C’era una volta

Sì, c’era una volta la Scuola.

Ai tempi dell’Unità d’Italia, quando ero piccola, i laureati erano una percentuale limitata, non molte erano le famiglie che potevano permettersi i figli all’Università e il diploma era già una conquista.

I Ragionieri trovavano il posto in banca, magari con una piccola raccomandazione, e i migliori si laureavano in corso d’opera facendo carriera. I loro figli avevano l’opportunità d’un impiego per diritto ereditario ed anche le vedove se ne avevano i requisiti. I Geometri avevano diverse prospettive aperte e i Maestri la sicurezza del ruolo grazie ai concorsi biennali. Chi usciva dalle scuole professionali trovava facilmente un’occupazione.

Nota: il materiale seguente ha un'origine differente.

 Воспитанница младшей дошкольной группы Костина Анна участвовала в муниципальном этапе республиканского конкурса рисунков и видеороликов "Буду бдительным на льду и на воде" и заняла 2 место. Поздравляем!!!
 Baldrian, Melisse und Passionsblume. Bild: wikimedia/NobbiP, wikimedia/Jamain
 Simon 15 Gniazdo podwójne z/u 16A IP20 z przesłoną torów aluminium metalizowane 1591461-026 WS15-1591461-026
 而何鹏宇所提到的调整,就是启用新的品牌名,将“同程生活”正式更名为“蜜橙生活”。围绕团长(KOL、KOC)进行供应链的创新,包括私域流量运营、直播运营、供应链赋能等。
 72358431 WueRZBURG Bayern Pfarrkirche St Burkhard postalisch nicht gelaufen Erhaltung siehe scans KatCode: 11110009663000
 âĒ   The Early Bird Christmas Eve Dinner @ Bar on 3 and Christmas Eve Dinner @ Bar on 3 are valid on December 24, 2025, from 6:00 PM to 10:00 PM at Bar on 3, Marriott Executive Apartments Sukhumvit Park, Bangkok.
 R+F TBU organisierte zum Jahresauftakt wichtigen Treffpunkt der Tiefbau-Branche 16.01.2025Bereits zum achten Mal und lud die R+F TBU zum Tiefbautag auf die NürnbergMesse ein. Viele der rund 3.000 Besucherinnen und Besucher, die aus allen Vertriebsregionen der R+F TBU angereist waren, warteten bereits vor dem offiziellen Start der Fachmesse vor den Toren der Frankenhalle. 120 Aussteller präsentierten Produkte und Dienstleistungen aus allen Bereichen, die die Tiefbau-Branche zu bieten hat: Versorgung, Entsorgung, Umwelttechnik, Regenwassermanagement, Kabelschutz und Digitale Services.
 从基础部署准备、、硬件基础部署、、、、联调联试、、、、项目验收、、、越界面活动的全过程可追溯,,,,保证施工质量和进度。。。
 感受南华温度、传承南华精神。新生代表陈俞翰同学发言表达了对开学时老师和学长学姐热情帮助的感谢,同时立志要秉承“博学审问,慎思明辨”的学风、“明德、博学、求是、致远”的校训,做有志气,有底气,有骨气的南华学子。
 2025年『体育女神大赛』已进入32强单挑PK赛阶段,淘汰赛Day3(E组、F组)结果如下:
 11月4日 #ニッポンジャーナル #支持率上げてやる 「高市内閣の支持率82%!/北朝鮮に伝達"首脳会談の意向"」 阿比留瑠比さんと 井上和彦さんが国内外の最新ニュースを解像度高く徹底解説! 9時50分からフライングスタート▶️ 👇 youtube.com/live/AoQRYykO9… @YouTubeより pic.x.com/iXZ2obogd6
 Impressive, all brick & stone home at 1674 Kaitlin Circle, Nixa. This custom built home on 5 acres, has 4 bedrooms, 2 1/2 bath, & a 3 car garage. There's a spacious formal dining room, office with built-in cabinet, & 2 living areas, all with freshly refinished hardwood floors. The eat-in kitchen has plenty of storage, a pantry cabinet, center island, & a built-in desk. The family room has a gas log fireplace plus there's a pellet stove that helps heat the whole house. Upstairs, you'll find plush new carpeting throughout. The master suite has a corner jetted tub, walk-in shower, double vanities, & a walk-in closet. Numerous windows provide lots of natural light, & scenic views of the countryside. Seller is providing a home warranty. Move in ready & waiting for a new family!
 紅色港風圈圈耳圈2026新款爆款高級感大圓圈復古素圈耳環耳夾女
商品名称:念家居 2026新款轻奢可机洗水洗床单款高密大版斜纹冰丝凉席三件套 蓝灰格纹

Ricordo “Il Professore”, ospite di riguardo in uno dei salotti dove si riceveva per il tè del venerdì, come gli Inglesi, le signore con i guanti e la veletta, strette nella guepière per dare risalto alla linea dei tailleur. Il Francese si sprecava nel linguaggio della moda anche per denominare i tessuti.

Il Professore insegnava Matematica e Fisica al Liceo e a lui spettava la poltrona d’onore a forma di trono per la sua autorevolezza. In occasione delle udienze immagino venisse predisposto un inginocchiatoio per i genitori.

Non si discostava di molto la deferenza verso la Maestra… una professione ambita dalle donne che virtù dell’orario e delle vacanze estive prolungate, consentiva di dedicarsi alla famiglia. A nessun genitore sarebbe venuto in mente di contestarne il metodo.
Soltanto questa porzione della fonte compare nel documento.